Midway through the impromptu press conference, Rodriguez strolled by. He chewed gum, sipped on a medium Dunkin’ Donuts coffee, and barely even glanced at the swarm.

It was, perhaps, the perfect illustration of how bizarre things have become for these Yankees.

“Is it an unusual circumstance?” Cashman said. “Absolutely. Are any of these people happy with these allegations that continue to get thrown? It’s odd. It’s odd and it’s false, but we still have to go through the motions.”

Rodriguez is appealing a 211-game suspension imposed by Major League Baseball for violating the joint drug agreement.

Friction intensified last week when Rodriguez’s lawyers publicly criticized the Yankees, including claims they mishandled his medical care.

Rodriguez’s lawyer told The New York Times that the Yankees hid MRI results from the third baseman during last year’s postseason.

“He’s fighting an appeal and he has rights to have his say, but clearly, it’s a lot of extra stuff and frustrations and distractions that we didn’t bring upon ourselves, I know that,” Cashman said. “I can’t speak for others, but I know it’s definitely a distraction for me. I’ve got a lot of extra work from this stuff. It’s very frustrating.”

Rodriguez did not speak to reporters before Sunday’s game. When he jogged onto the field for batting practice, he shouted, to nobody in particular, “Let’s do some [expletive] damage tonight!”

He has been booed, adamantly, throughout this three-game series. And on Sunday, in his first at-bat, Rodriguez was plunked by Boston starting pitcher Ryan Dempster.

Yankees manager Joe Girardi stormed the field immediately, initiating a fiery tirade against plate umpire Brian O’Nora. Girardi was ejected.

Rodriguez got his revenge on Dempster in the sixth by launching a leadoff homer to center field and the Yankees eventually won, 9-6.

“I’m gonna let my lawyers do the talking and I’m gonna do the playing,’’ said Rodriguez after the game.

Earlier in the day, Girardi spoke of his relationship with Rodriguez. He said the two have maintained standard communication.

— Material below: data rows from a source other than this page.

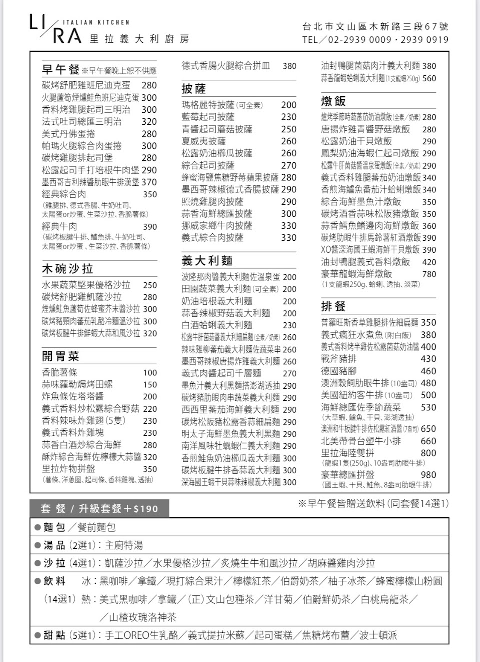 2024最新在地推薦餐廳的菜單_LI RA義大利廚房的菜單、圖片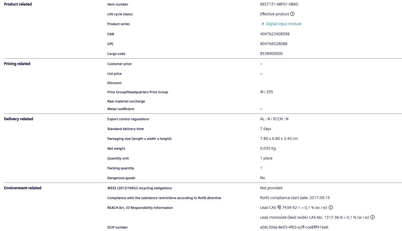 SIMATIC ET 200SP, Digital input module, DI 8x 24V DC Standard, type 3 (IEC 61131), sink input, (PNP, P-reading), Packing unit: 1 piece, fits to BU-type A0, Colour Code CC01, input delay time 0,05..20ms, module diagnostics for: short-circuit of sensor supply, wire break, supply voltage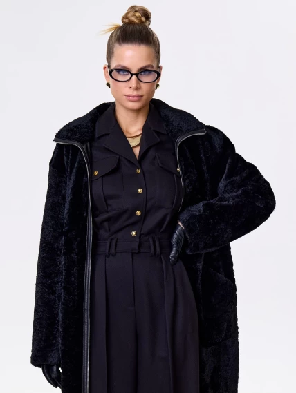 Товар длинное женское пальто из натуральной овчины астрагана премиум класса 2060, черное, размер 44, артикул 64320 выполнен из овчина "мерино" с застежкой молния. Рассчитан на сезон: осень-зима. Длина изделия 117 см, силуэт прямой.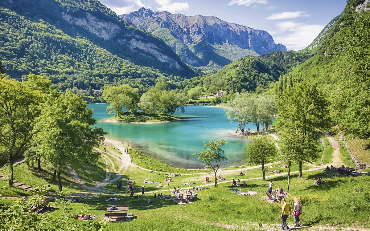 Mit dem Bus geht es zum Passo Ballino, von wo aus Sie auf alten Maultierwegen zum Bergsee Lago di Tenno wandern. Vom See führt Sie der Weg nach Canale - einer der 100 schönsten Orte Italiens. Am Tennosee genießen Sie einen herzhaften Imbiss mit typischen Produkten, bevor es zur Burg von Tenno geht. Sie können zu Fuß oder mit dem Reisebus zurückkehren.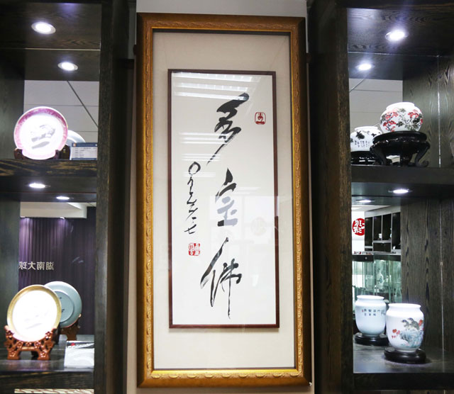 2014年3月14日,在旅美畫(huà)家李自建的引薦下,滕董有幸與星云大師結(jié)緣,并將001號(hào)《釋迦牟尼佛瓷塑像》及《春滿人間》雙面瓷板畫(huà)捐贈(zèng)給星云大師并永久珍藏于佛光山。星云大師特地為《釋迦牟尼佛瓷塑像》題寫(xiě)墨寶《多寶佛》。曾有人以200萬(wàn)的價(jià)格請(qǐng)滕董割?lèi)?ài)墨寶,但由于對(duì)大師的尊敬、敬仰,他謝絕了。墨寶《多寶佛》上承載了星云大師的佛心,《釋迦牟尼佛瓷塑像》也承載了與大師的佛緣。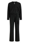 Een regular fit jumpsuit van lurex met glitter, een ceintuur en een drukknoopsluiting. Het model heeft een V-hals, lange mouwen en wijde pijpen.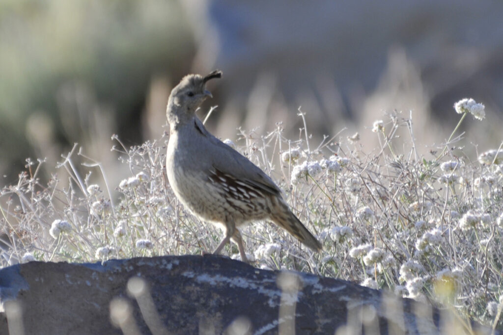 The female Gambel’s Quail is plainer. This one is on lookout duty in Kingman. Arizona 2012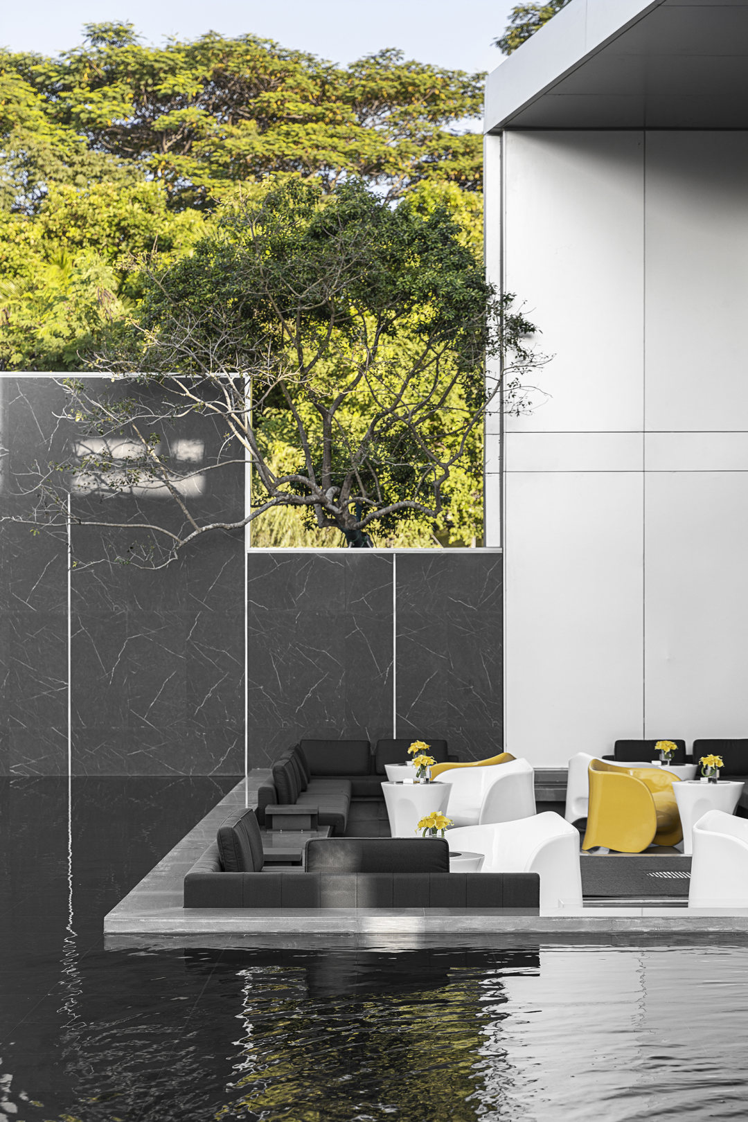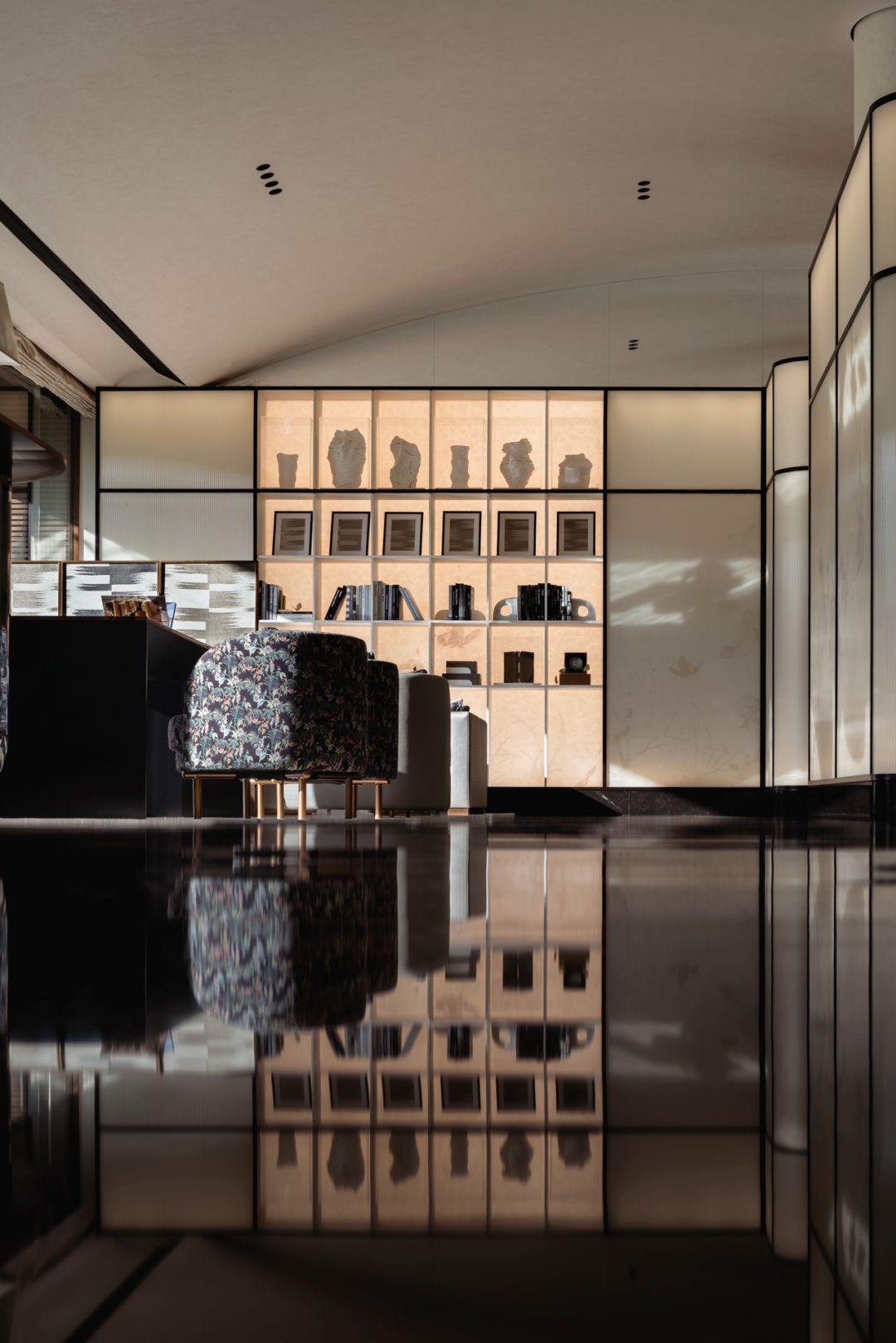古浮桥以舟为桥,行走间,略感摇晃,颇有乐生。深色砂砾铺就,苔藓假山石点缀,营造出浅滩、礁石、孤岛的氛围,以深色大理石为桥,一步一景,步履稳重却心生摇曳。
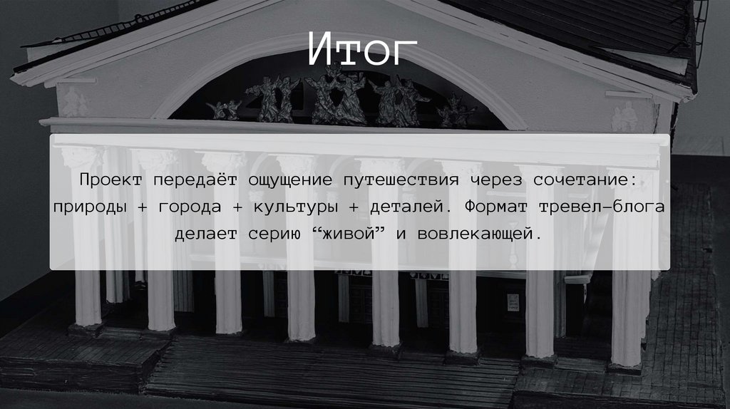 природы + города + культуры + деталей. Формат тревел-блога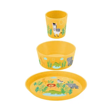 Connect barnservis 3 delar från Koziol är en lekfull och hållbar barnservis i Connect-kollektionen, formgiven för att göra måltiderna roligare. Setet innehåller tallrik, skål och mugg med det charmiga Bondgårdsmönstret som väcker fantasin och skapar glädje runt matbordet. Tillverkad av biocirkulära termoplaster och träfiber, helt i återvunnet material och fri från tillsatser – ett tryggt val för både barn och miljö. Servisen är stabil, lätt att rengöra i diskmaskin och designad för vardaglig användning som gör varje måltid till en fest.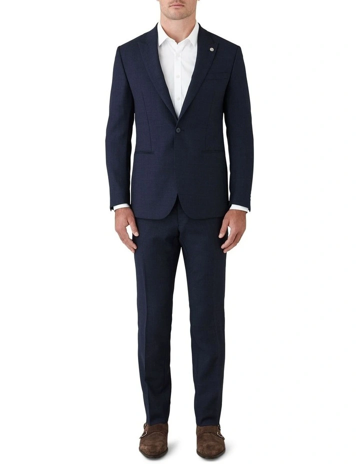 Waffle look weave trouser in a dark navy base. A versatile style designed to be worn both in the office with the matching jacket or your favourite Navy sports jacket.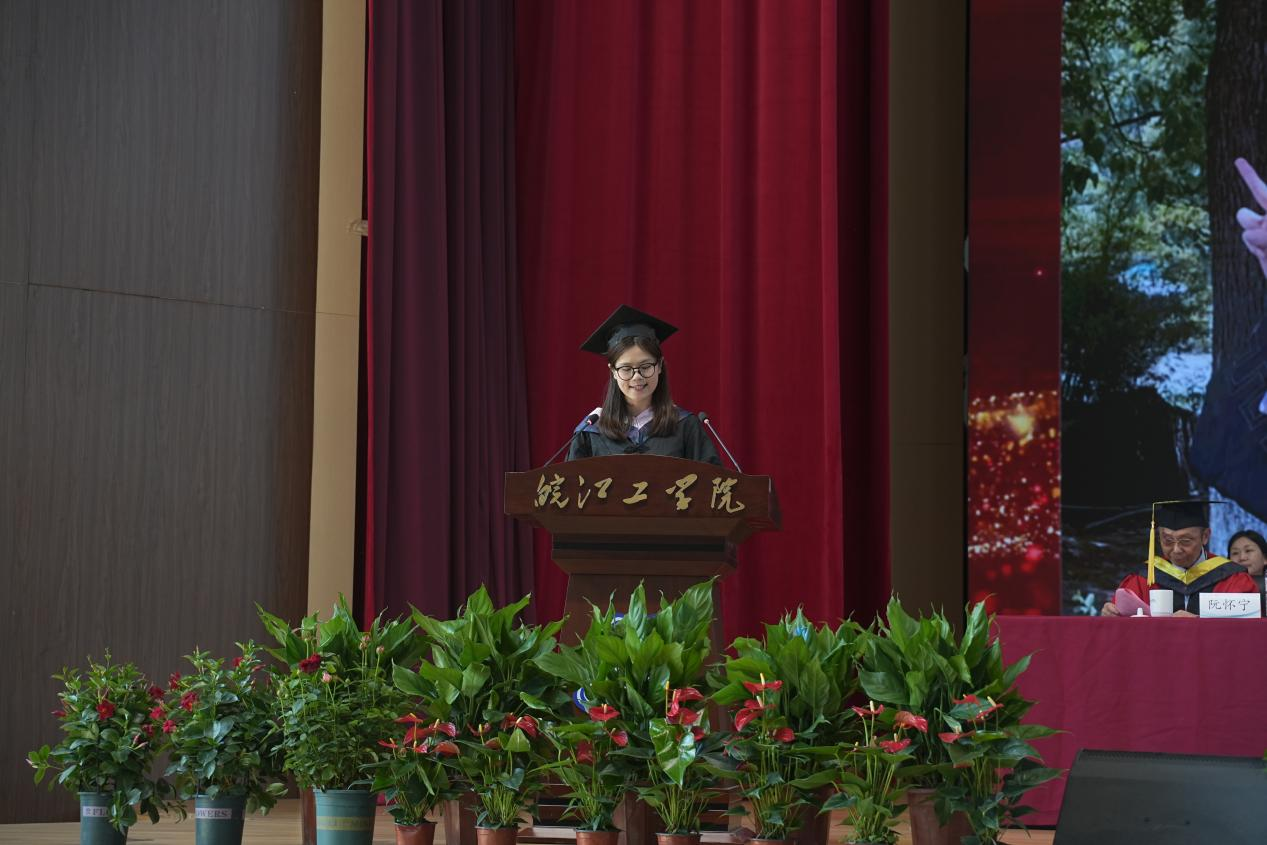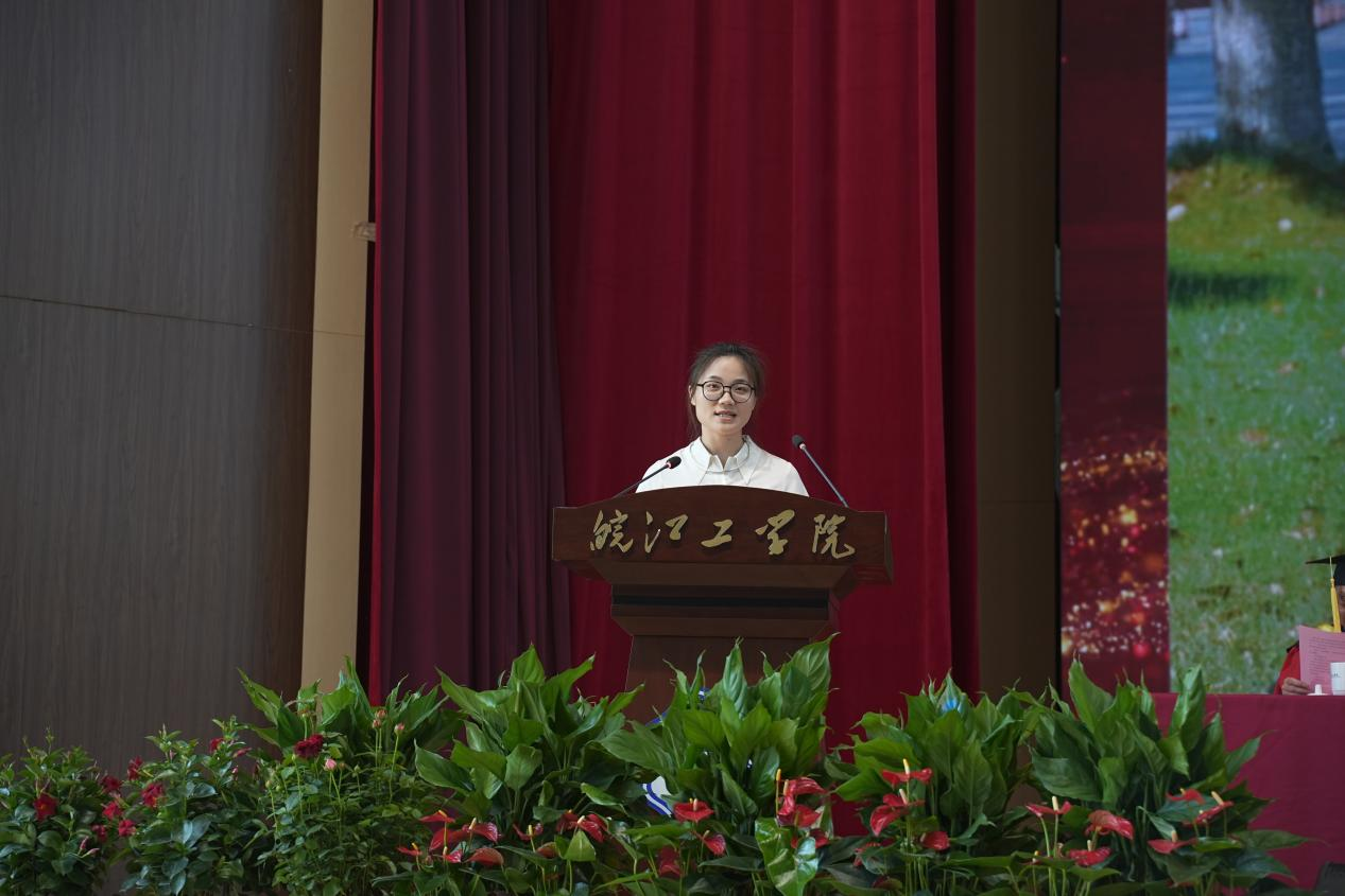 电信工程学院自动化教研室主任陈玲作为教师代表发言,她以师者的温情与期许,为毕业生送上临别赠言。“毕业是学习的新起点,愿你们保持好奇、坚守热爱,无论身处顺境逆境,都记得‘米兰’永远是你们的后盾。”陈玲老师的句句嘱托,如春风化雨,滋润着毕业生们的心田。

“It’s different because it’s just baseball,” Girardi said. “And it’s normal for us to just talk about that.”

As the team stretched before batting practice, Girardi walked toward Rodriguez to chat. They laughed at something Girardi said.

Cashman, however, feels wronged.

He was stern with his responses, and only twice offered “no comment” to a question. Those inquiries: “Have you heard from any players who said it is a distraction?” and “Is Rodriguez worth the headache that he is causing the organization?”

When asked about Rodriguez “basically declaring war on Yankees management,” Cashman said: “It’s not just Yankees management. He’s putting it at the level of our trainers, at the level of our medical staff . . . the whole organization.”

Later, Cashman praised the leadership within the Yankees locker room.

“There are guys in that clubhouse that we are counting on to not let interfere what’s going on between Alex and Major League Baseball, and now Alex and the New York Yankees,” Cashman said. “I think we have 24 guys in there that are professional and will do everything they can to win games.”

There are 25 players on an active major league roster.